**What to do:** Everything below from the line with "Shellshock bug symbol" through the line with "Parking garage at" must be retyped exactly, except the pictures.

**Dataset content:**
· · · · · · ·
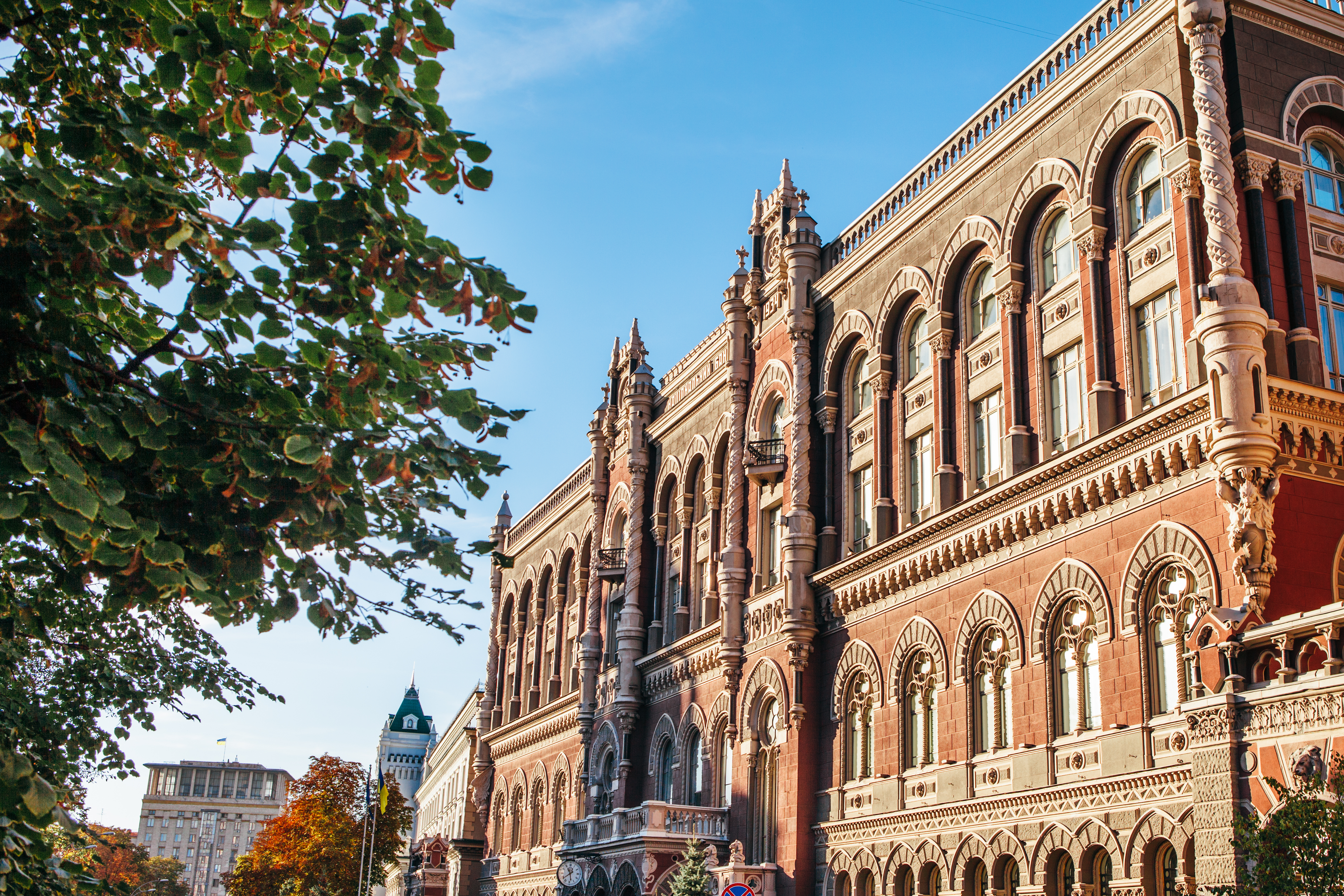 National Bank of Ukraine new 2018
· · · · · · ·
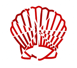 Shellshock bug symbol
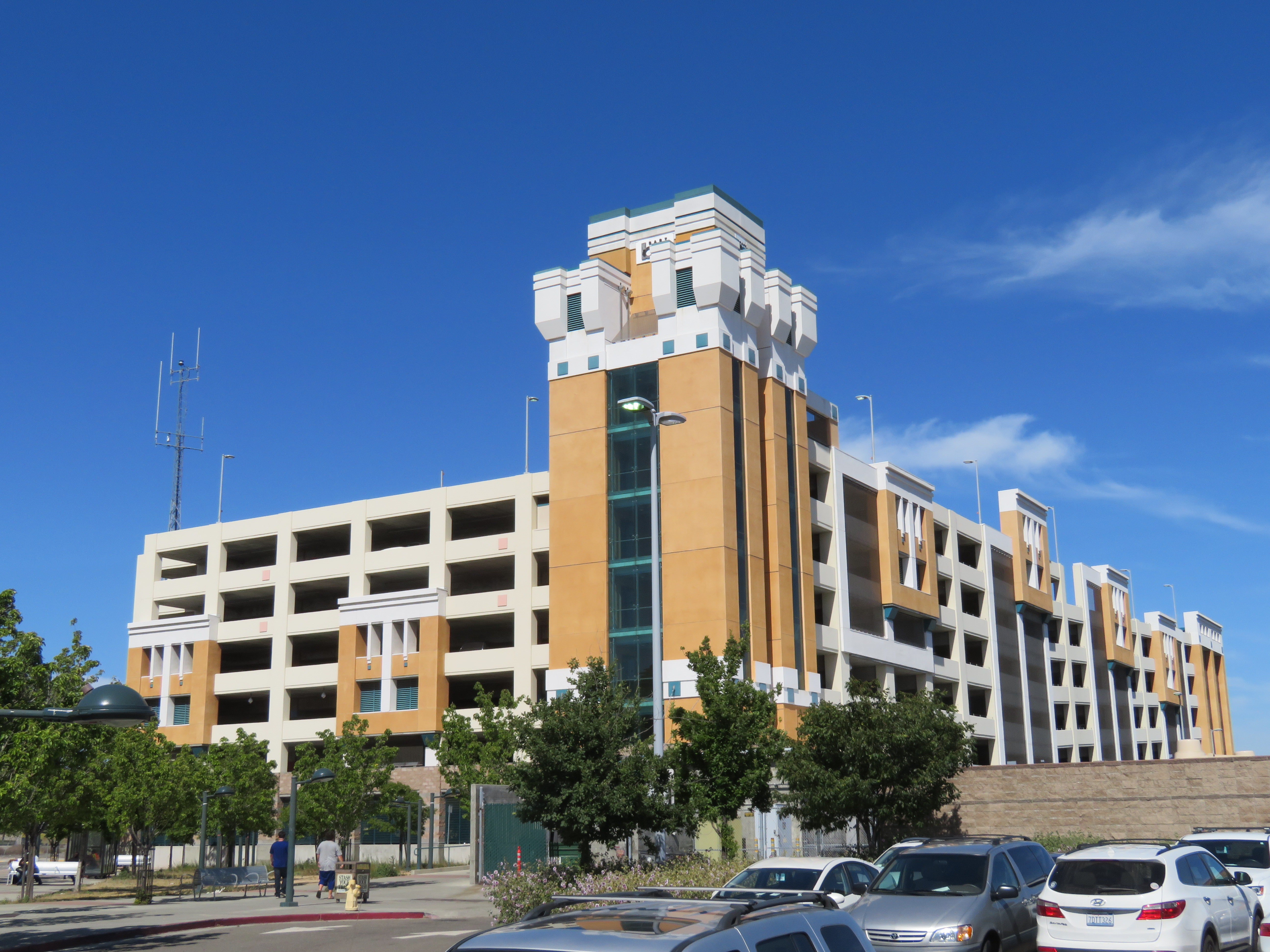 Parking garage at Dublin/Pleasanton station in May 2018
· · · · · · ·
**Answer area:**
 Shellshock bug symbol
 Parking garage at Dublin/Pleasanton station in May 2018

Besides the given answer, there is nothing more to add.